2. Plug-in connection for position sensor
   
3. Vacuum connection
   
4. Partial-vacuum canister
   
5. Mounting flange
   
6. Valve head
   

The vacuum unit is connected to the vacuum supply via the pressure converter. The applies a variable vacuum to the vacuum unit according to the commands received from the DDE control unit. The DDE control unit controls the pressure converter by means of a square-wave signal with a pulse duty factor (= variable pulse width) between 50 % and 75 %.

The maximum stroke of the exhaust gas recirculation valve is 8 ± 0.5 mm.

The DDE uses the EGR position sensor to measure the adjusting path of the EGR valve. The adjusting path of the exhaust gas recirculation valve is used as an additional input variable for EGR control.

The position sensor is a linear potentiometer and is supplied with a voltage of 5 V. The voltage signal of the position sensor is converted in the DDE and output as a percentage value.

EGR cooler

In order lower the temperature of the recirculated exhaust gas and thus further reduce nitrogen oxide emissions, the exhaust gas is returned through the EGR cooler.

Bypass flap for EGR cooler

Fig. 4: bypass flap in EGR cooler

1. Exhaust flow
   
2. EGR cooler
   
3. Bypass flap opened, exhaust gas flows through the bypass channel
   
4. Bypass channel in EGR cooler
   
5. Bypass flap closed, exhaust gas flows through the EGR cooler
   

In vehicles with N47oL and manual gearbox, there is a bypass flap in the EGR cooler. With this flap, the exhaust gas is guided at low temperatures past the cooling slits into a bypass channel and thus not cooled. Only at higher engine temperatures does the DDE open the bypass flap and the exhaust gas is cooled again.

This function reduces the HC emissions in cold operating states. It also prevents soiling in the EGR cooler by exhaust gas residues. This measure is necessary in the case of vehicles with N47oL and manual gearbox because the temperature level is generally lower than on the other variants.

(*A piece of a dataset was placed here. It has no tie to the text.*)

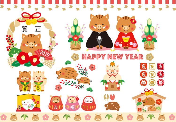 2019年东方猪年己亥年贺年传统矢量免扣素材合集包

The bypass of the EGR cooling is opened during EGR operation if the coolant temperature is lower than 50 °C.

Oxygen sensor

A oxygen sensor is required for the quantity mean value adaptation function. The oxygen sensor is fitted immediately after the turbine of the exhaust turbocharger. The oxygen sensor, familiar from petrol engines, is a wide-band sensor that provides exact lambda values over a wide measuring range.

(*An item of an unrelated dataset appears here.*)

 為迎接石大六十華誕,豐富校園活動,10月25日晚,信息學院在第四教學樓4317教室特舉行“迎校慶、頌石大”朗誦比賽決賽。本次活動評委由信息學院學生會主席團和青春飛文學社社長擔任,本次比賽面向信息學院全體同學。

Notes for Service department

Diagnosis instructions

Resetting the quantity mean value adaptation

The service function 'quantity mean value adaptation' must be run if one of the following components was replaced:

• Air-mass flow sensor
  
• Rail pressure sensor
  
• Oxygen sensor
  

Description and sequence of the service function, see corresponding functional description.

Adaptation of EGR valve

If the exhaust gas recirculation valve is replaced, the following service function must be run before the replacement:

• Adaptation of EGR valve
  

Description and sequence of the adaptation, see corresponding functional description.